Abstract

Observations from nine measured sections through the lower Helderberg Group across upstate New York suggest that component rock units within the Manlius Formation extend laterally over 150 km across upstate New York, the most notable being a meter‐thick zone of microbial bioherms at the base of the formation. Overlying this zone of microbial bioherms is a 5–10‐m‐thick zone of wavy‐ and lenticular‐bedded ribbon rocks that grade up into microbial‐laminated mudstones that are, in turn, overlain by disrupted dolomitic mudstones deposited in playalike supratidal flats. The upper 10–15 m of the Manlius Formation comprises meter‐thick cycles of nodular‐bedded, stromatoporoid‐bearing thin sets that grade up into microbial‐laminated mudstones.

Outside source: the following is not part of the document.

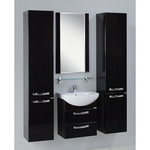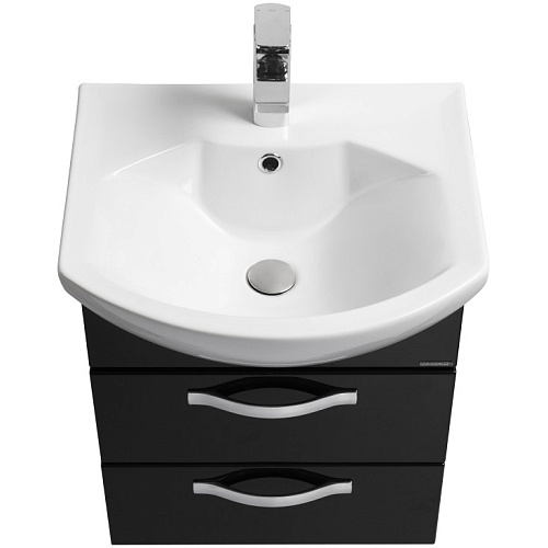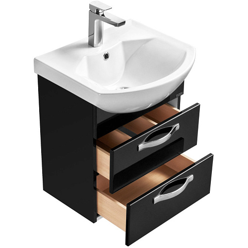 Состав комплекта: Тумба-умывальник подвесная Ария 50 М чёрный глянец 1A140001AA950 Раковина Смайл-50 1WH207781

Much of this succession of rock types is traceable across nearly the entire basin and strongly suggests that lower beds of the Manlius Formation do not pass laterally westward into, nor are they coeval with, the underlying Rondout Formation. This, in turn, necessitates that the time‐transgressive model of Manlius and Coeymans limestone deposition proposed by Rickard is incorrect and that the Helderberg succession of Manlius–Coeymans–Kalkberg–New Scotland formations instead comprises one third‐order stratigraphic sequence. The lower sequence boundary may comprise the disrupted dolomitic mudstones overlying the microbial‐laminated mudstones in the middle of the Manlius Formation, an interval that appears to correlate with a disconformity between the top of the Manlius Formation and the Coeymans Formation in the section exposed at Schoharie, New York. This interpretation of stratigraphic relations within the Manlius Formation necessitates reevaluation of possible correlations among meter‐thick shallowing‐upward successions in the formation.